Many banks have accelerated technology and digital initiatives during the pandemic, such as investing in automation projects, as well as digital sales and servicing to drive operational efficiency, improve customer experience and reduce costs.
“But banks still struggle to keep up with increasing customer expectations and demands, particularly when it comes to anticipating their needs, serving customers in their moments of need whenever and wherever they are,” she added.
Have the industry responses in terms of new channels been accepted by customers – both consumers and corporate?

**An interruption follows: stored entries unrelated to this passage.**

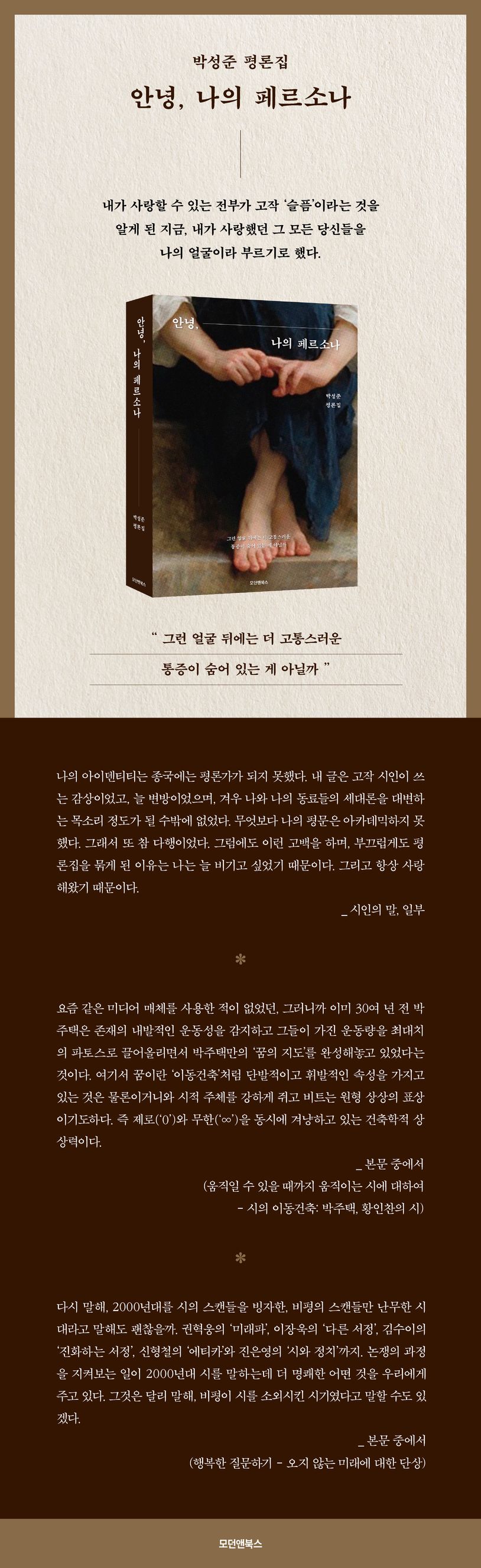 시인이자 문학평론가, '앙팡 테리블' 박성준의 첫 평론집이 모던앤북스에서 출간되었다. 2009년 문학과사회 신인문학상에 시, 2013년 경향신문 신춘문예에 평론이 당선되면서 시인이자 평론가로 활동을 시작한지 15년 만의 첫 평론집이다.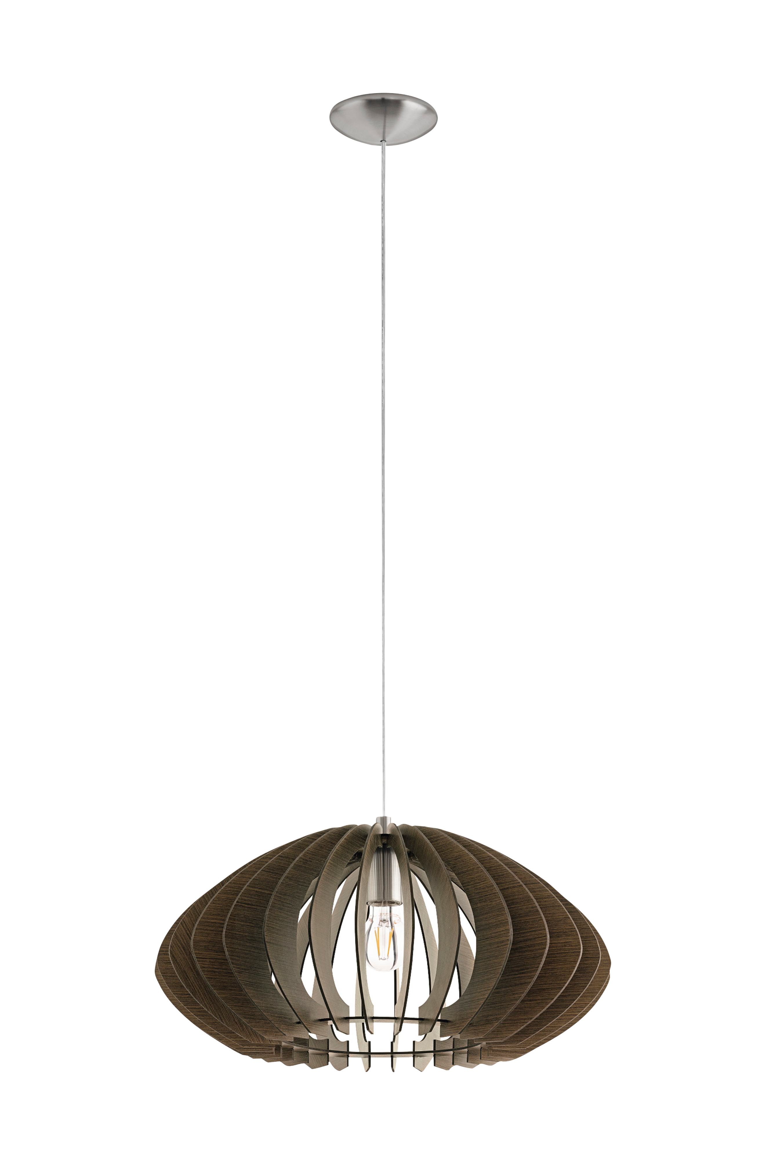cossano 2 -riippuvalaisimessa on pyöreä lampunvarjostin, joka on valmistettu vaahteranvärisistä tai ruskeista puulamelleista, jotka ripustetaan matta nikkelin väriseen metallikatokseen. Puiset säleet luovat kiehtovan valon ja varjon leikin, kun valo on päällä. Riippuvalaisimen halkaisija on 50 cm, ja se sopii saumattomasti moderniin sisustustyyliin ja antaa viihtyisän valaistuksen olohuoneeseen tai ruokapöydän yläpuolelle ruokasalissa. Kuvassa oleva hehkulamppu ei sisälly toimitukseen. Tuotteessa on e27-lamppupidike ja se vaatii e27-lamppua.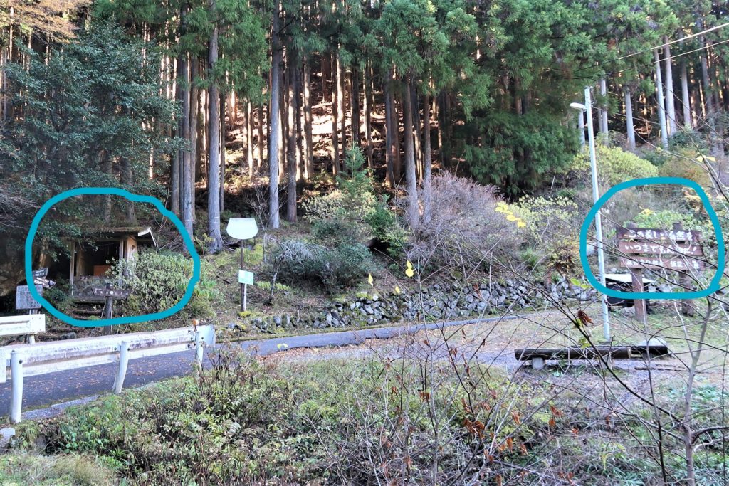 「この美しい自然をいつまでも大切に!」の看板と小さな祠が目印となります。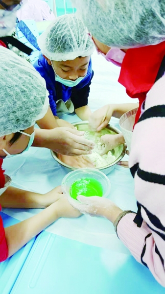 同学们戴上厨师帽、围上围裙,铺开桌布,洗干净手,整个过程充满“仪式感”。营养师王阿青提醒说,制作食物是庄重而富有情感的,不仅要求卫生规范,还要将餐饮礼仪文化注入其中,切不可随意应付、胡乱搭配。“同学们和出的面有的太硬、有的偏软,都要找找原因,是水加多了?还是揉搓发酵不到位?这里面又有哪些物理和化学反应?”王阿青不断引导孩子们思考做面中的各种知识。
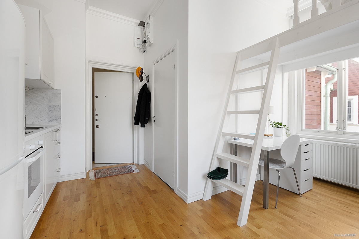 Lägenheten är i mycket gott skick och har en enkel, stilren karaktär där material och ljus får tala för sig själva. Sovloftet ger plats för en avskild sovdel samtidigt som rummet nedanför rymmer både soffhörna och matplats.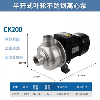 泵的水力部件为半开式叶轮,适用于食品行业、工业生产中循环清 洗系统或洗涤行业中的清洗设备,输送含有悬浮固体颗粒或对不锈 钢(SUS304)无明显腐蚀作用的非易燃易爆液体。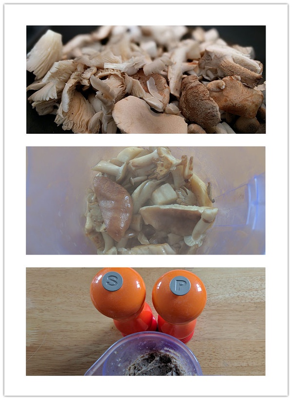 蘑菇炒熟之后,打成泥,加入盐和胡椒,其实除了白口蘑之外的蘑菇,只要达到三种或者以上,做出来的蘑菇泥都会鲜得令人落泪。因为从本质上来说蘑菇也算是一种肉。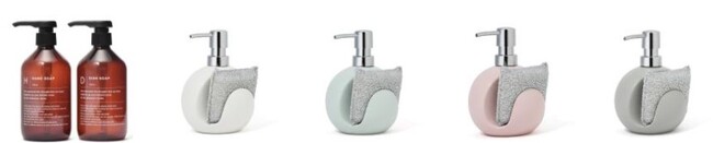 ディスペンサー全面がスポンジ置きになったコンパクトなキッチンでも場所を取らない陶器製のディスペンサーです。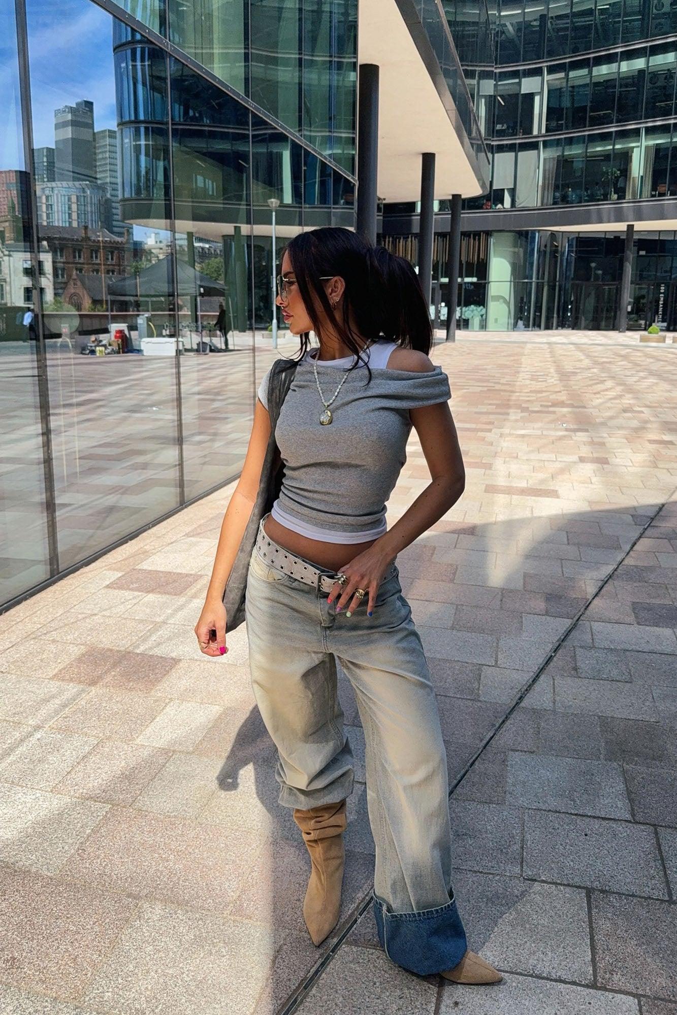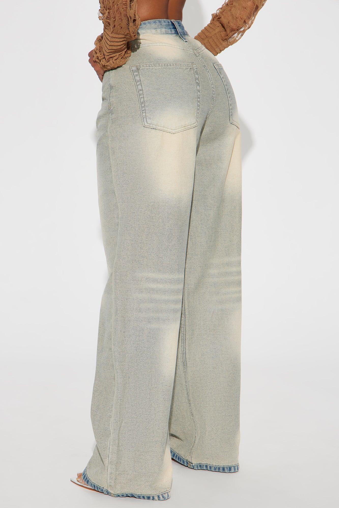Available In Vintage Wash. Wide Leg Jean 5 Pocket Tinted Drop Waist 34" Inseam 12" Rise Non Stretch Disclaimer: Due To The Specialized Wash Process, Each Garment Is Unique. Disclaimer: Runs Big, Shop One Size Down. 100% Cotton Imported

“We’ve seen the proliferation of digital payments over the pandemic, which was particularly pronounced with the older age groups. Digital wallet adoption has also increased. For businesses, many also started to use digital channels to apply for government grants and subsidies, as well as for loans and various lines of credit,” said Barry.
Asked for an indication of IT investment strategies in the coming years, Forrester’s Barry is confident that financial services firms will be doubling down on investments in digital platforms, automation, and cloud migration to deliver compelling experiences.
Key points of study
Omnichannel touchpoints are increasingly important in digital banking: 88% of respondents from Singapore said they prefer to do their banking online in some form – clear evidence that digital banking is the new norm.
However, it is still essential to provide a variety of digital options, as 65% said they prefer using the app from their bank, while 23% prefer their desktop web browser. Some people do still prefer in-person banking, such as at a branch (8%) or at an interactive teller machine (3%). This is aligned with global trends, and it is essential for banks to offer omnichannel, digital-first solutions to resonate with today’s consumers.
There is widespread interest in the digital banking atmosphere, with 69% of respondents from Singapore saying they would consider using a branchless online banking service for their banking.
Customers are security-conscious and lack of security can have damaging consequences: 98% of respondents from Singapore said they were concerned about the potential of banking or credit fraud as banking and credit become more digital.
Many respondents had personal experience with these fraud risks, with 33% saying they have received notification of a personal banking or credit fraud in the past 12 months. These incidents clearly damage customer loyalty, as 65% of respondents notified of fraud changed their bank as a result.